Opponents of increased distributed energy resources who advocate for centralized power distribution insist that marginal costs are substantially below retail rates–as little as 6 cents per kilowatt-hour. Yet average costs generally continue to rise. For example, a claim has been repeatedly asserted that the marginal cost of transmission in California is less than a penny a kilowatt-hour. Yet PG&E’s retail transmission rate component went from 1.469 cents per kWh in 2013 to 4.787 cents in 2022. (SDG&E’s transmission rate is now 7.248 cents!) By definition, the marginal cost must be higher than 4.8 cents (and likely much higher) to increase that much.

Average costs equals the sum of marginal costs. Or inversely, marginal cost equals the incremental change in average costs when adding a unit of demand or supply. The two concepts are interlinked so that one must speak of one when speaking of the other.

The chart at the top of this post shows the relationship of marginal and average costs. Most importantly, it is not mathematically possible to have rising average costs when marginal costs are below average costs. So any assertion that transmission marginal costs are less than the average costs of transmission given that average costs are rising must be mathematically false.

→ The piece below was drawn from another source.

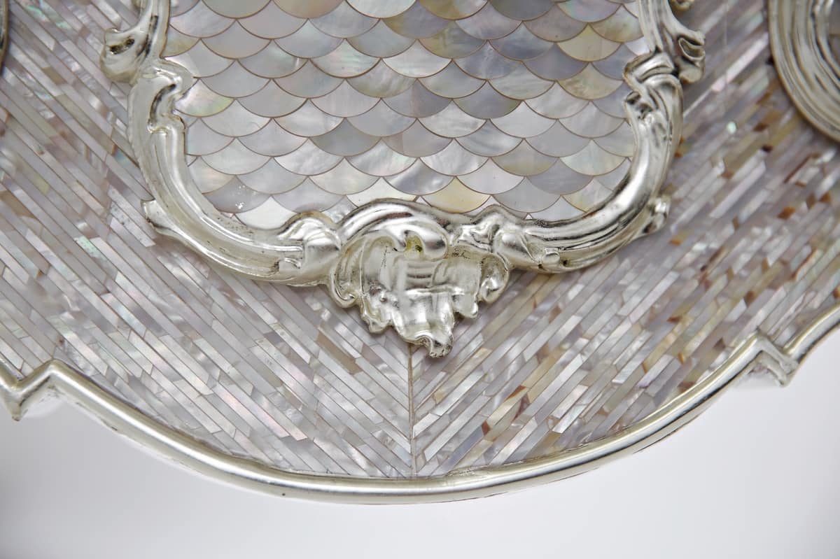 Les inlays floraux émergent sinueusement, et ses volumes élaborés se dissolvent dans la surface lisse des pétres de nacre, et tous viennent gracieusement ensemble.

4 thoughts on “The fundamental truth of marginal and average costs

  1. Pingback: “Fixed costs” do not mean “fixed charges” | Economics Outside the Cube

  2. Richard McCann

    “Fixed costs” cannot “rise”–they are fixed. The capital return on existing investment is a fixed cost–the cost to replace that investment is not a fixed cost. Any incremental cost to the transmission system is a marginal cost, even if it is caused by a multitude of factors. Wildfire mitigation costs are not “fixed”–they are incremental costs incurred by existing customers (and new development on the WUI.) Grid hardening also is a marginal cost to existing customers created by changing conditions. This is no different than increasing fuel use at generators as performance degrades over time.

    Unfortunately this discussion illustrates a lack of a rigorous discussion of what constitutes marginal costs in the electricity system. Rising total costs must be completely described mathematically. Heuristics won’t cut it.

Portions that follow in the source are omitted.